# Provided information
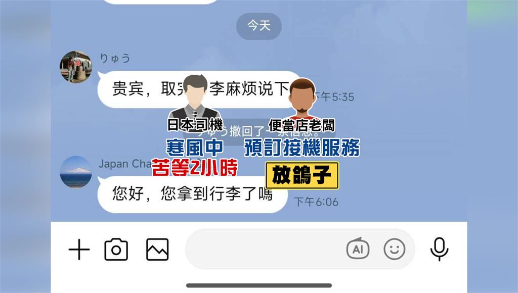 老闆放鴿子,害日本司機在寒風中苦等2小時。圖/台視新聞老闆宣稱,接到電話時被系統提醒「小心詐騙」,才讓他後續沒有和業者聯繫,也承諾會付3萬日圓的車費,希望這件事順利結束,並附上「證明照片」,表示自己沒有說謊。
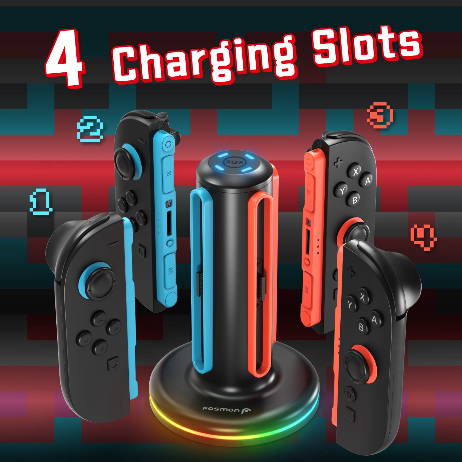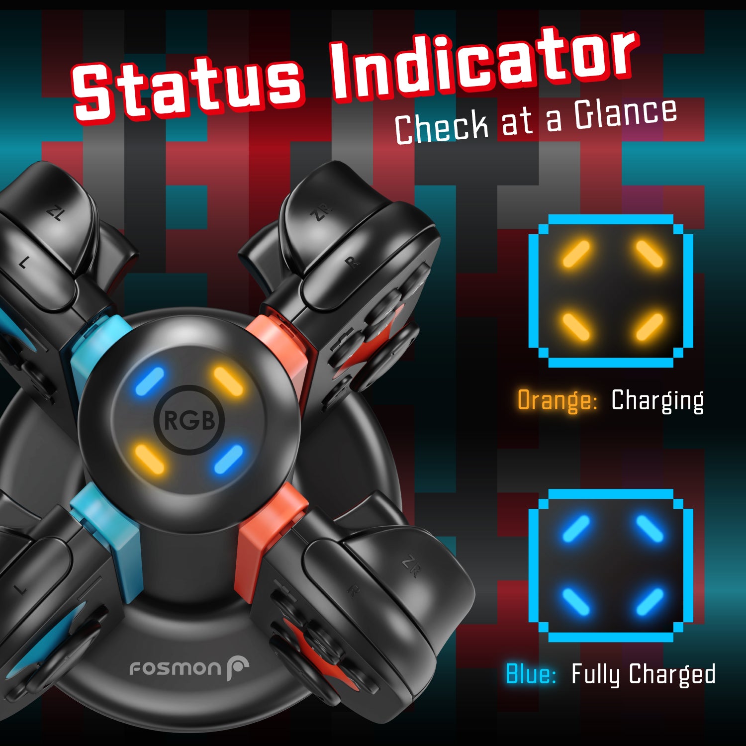 4 Magnetic Charging Slots Charge up to 4 controllers simultaneously with Fosmon’s 4-in-1 charging dock. Perfect for keeping multiple controllers ready for extended gaming sessions or party games.
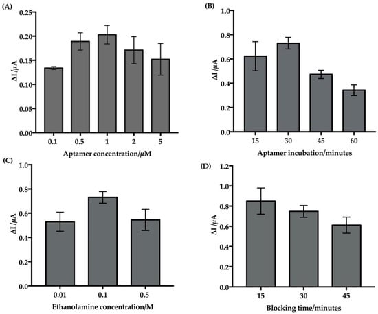 Optimization of (A) aptamer concentration, (B) immobilization time for aptamer, and (C) concentration of blocking solution, and (D) blocking time with 0.1 M ethanolamine.
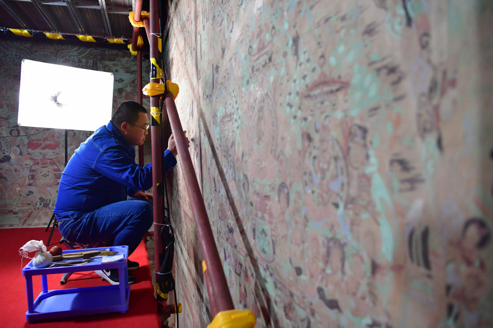 ??2022年4月19日,敦煌研究院文物保護技術服務中心的壁畫修復師楊金禮在莫高窟第231窟內(nèi)修復壁畫。
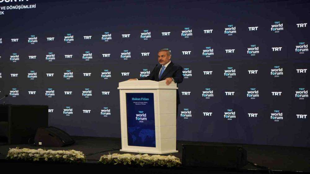 TRT’nin bu yıl 8’incisini düzenlediği TRT World Forum 2024’te "Savaş ve Düzen: Değişen Dünya’da Jeopolitik Değişimlere Yön Vermek" başlıklı oturumundan konuşan Dışişleri Bakanı Hakan Fidan, "Uluslararası sistem politik, askeri, ekonomik ve çevresel zorluklar getirmektedir. Bu zorluklar için bizler kritik bir jeopolitik dönüşümden geçmekteyiz. Küresel politikalar, polarizasyon, çok yönlülüğün erozyonu ve gittikçe daha derinleşen kutuplaşma görüyoruz. Sistem, bizi yeni müttefikliklere itiyor. Hepinizin bildiği üzere bunun sonucunda ise uluslararası güvenlik mimarisi gittikçe zayıflıyor. Küresel silahsızlık gerekiyor ama Orta Doğu ve Asya Pasifik bölgesinde silahlanma gittikçe artıyor. Bu da dünyayı bir uçurumun kenarına hatta nükleer savaş tehlikesine getirebilir. Diğer taraftan tekno-politikalar uluslararası dengeyi etkiliyor. Politikada, yapay zekanın ve siber güvenlik sistemlerinin ulusal güvenliklere eklenmesi de yine tehdit algısını artırıyor. Tüm bu zorluklar mevcut uluslararası sisteme çözümler getirmekten çok uzaktadır. Herhangi bir kriz için bu da çok yönlü yanıtlara yol açmaktadır" ifadelerini kullandı.
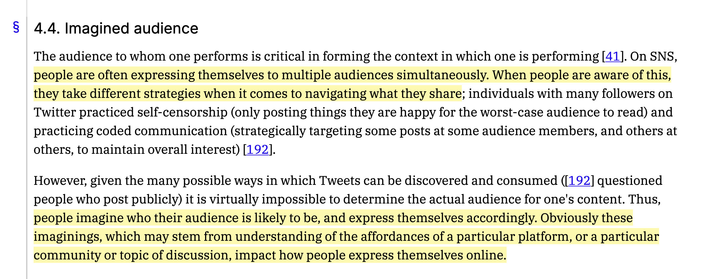 People imagine who their audience is likely to be, and express themselves accordingly. Obviously these imaginings, which may stem from understanding of the affordances of a particular platform, or a particular community or topic of discussion, impact how people express themselves online.
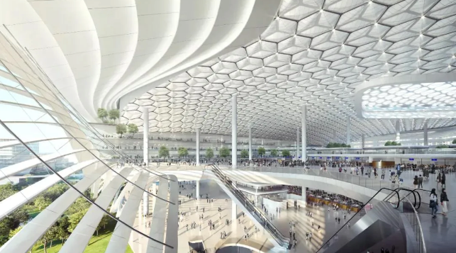 主創(chuàng)團(tuán)隊介紹,新皇崗口岸的設(shè)計以“國之重器”為概念?!皣仄鳌闭w形態(tài)對稱、穩(wěn)固,輔以新型石材主導(dǎo)的幕墻系統(tǒng),采用外立面虛實相間的材料運(yùn)用,充滿未來感;抬高的景觀基座抬升主體,氣勢莊重;建筑整體以充滿力量感的純凈體量,寄喻口岸為大灣區(qū)發(fā)展的基石重器。
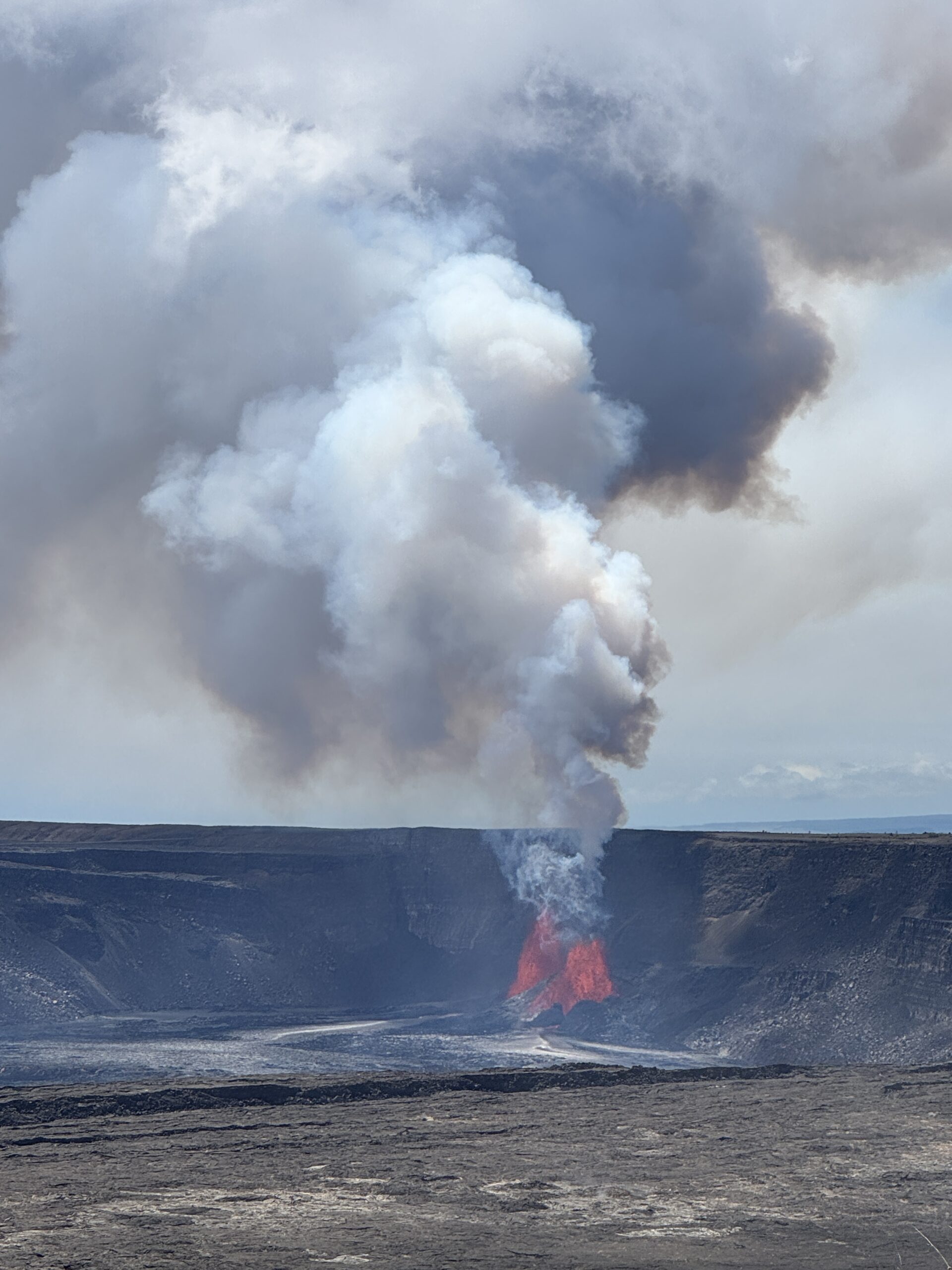 Kilauea erupted overnight, so when we woke up, we made the trip back to Volcanoes National Park to see the lava. Joel stayed at the house, too sick to care about the volcano, but Adam managed to come along to see it. It was one of the coolest things I’ve ever seen in my life. Seeing red-hot lava blasting out of a volcano with my own eyes was never on my bucket list, nor was it something I thought I’d ever get to experience, and I was amazed to witness it.
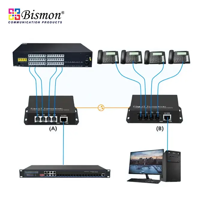 -8-Channel Telephone Fiber Converter – Supports analog telephone transmission via optical fiber

# Task description
Starting at the line with "4 Magnetic Charging" in the entries above, write out every line exactly until the line with "People imagine who" has been written. Include no pictures and nothing more.

# Answer to this exercise
 4 Magnetic Charging Slots Charge up to 4 controllers simultaneously with Fosmon’s 4-in-1 charging dock. Perfect for keeping multiple controllers ready for extended gaming sessions or party games.
 Optimization of (A) aptamer concentration, (B) immobilization time for aptamer, and (C) concentration of blocking solution, and (D) blocking time with 0.1 M ethanolamine.
 ??2022年4月19日,敦煌研究院文物保護技術服務中心的壁畫修復師楊金禮在莫高窟第231窟內(nèi)修復壁畫。
 TRT’nin bu yıl 8’incisini düzenlediği TRT World Forum 2024’te "Savaş ve Düzen: Değişen Dünya’da Jeopolitik Değişimlere Yön Vermek" başlıklı oturumundan konuşan Dışişleri Bakanı Hakan Fidan, "Uluslararası sistem politik, askeri, ekonomik ve çevresel zorluklar getirmektedir. Bu zorluklar için bizler kritik bir jeopolitik dönüşümden geçmekteyiz. Küresel politikalar, polarizasyon, çok yönlülüğün erozyonu ve gittikçe daha derinleşen kutuplaşma görüyoruz. Sistem, bizi yeni müttefikliklere itiyor. Hepinizin bildiği üzere bunun sonucunda ise uluslararası güvenlik mimarisi gittikçe zayıflıyor. Küresel silahsızlık gerekiyor ama Orta Doğu ve Asya Pasifik bölgesinde silahlanma gittikçe artıyor. Bu da dünyayı bir uçurumun kenarına hatta nükleer savaş tehlikesine getirebilir. Diğer taraftan tekno-politikalar uluslararası dengeyi etkiliyor. Politikada, yapay zekanın ve siber güvenlik sistemlerinin ulusal güvenliklere eklenmesi de yine tehdit algısını artırıyor. Tüm bu zorluklar mevcut uluslararası sisteme çözümler getirmekten çok uzaktadır. Herhangi bir kriz için bu da çok yönlü yanıtlara yol açmaktadır" ifadelerini kullandı.
 People imagine who their audience is likely to be, and express themselves accordingly. Obviously these imaginings, which may stem from understanding of the affordances of a particular platform, or a particular community or topic of discussion, impact how people express themselves online.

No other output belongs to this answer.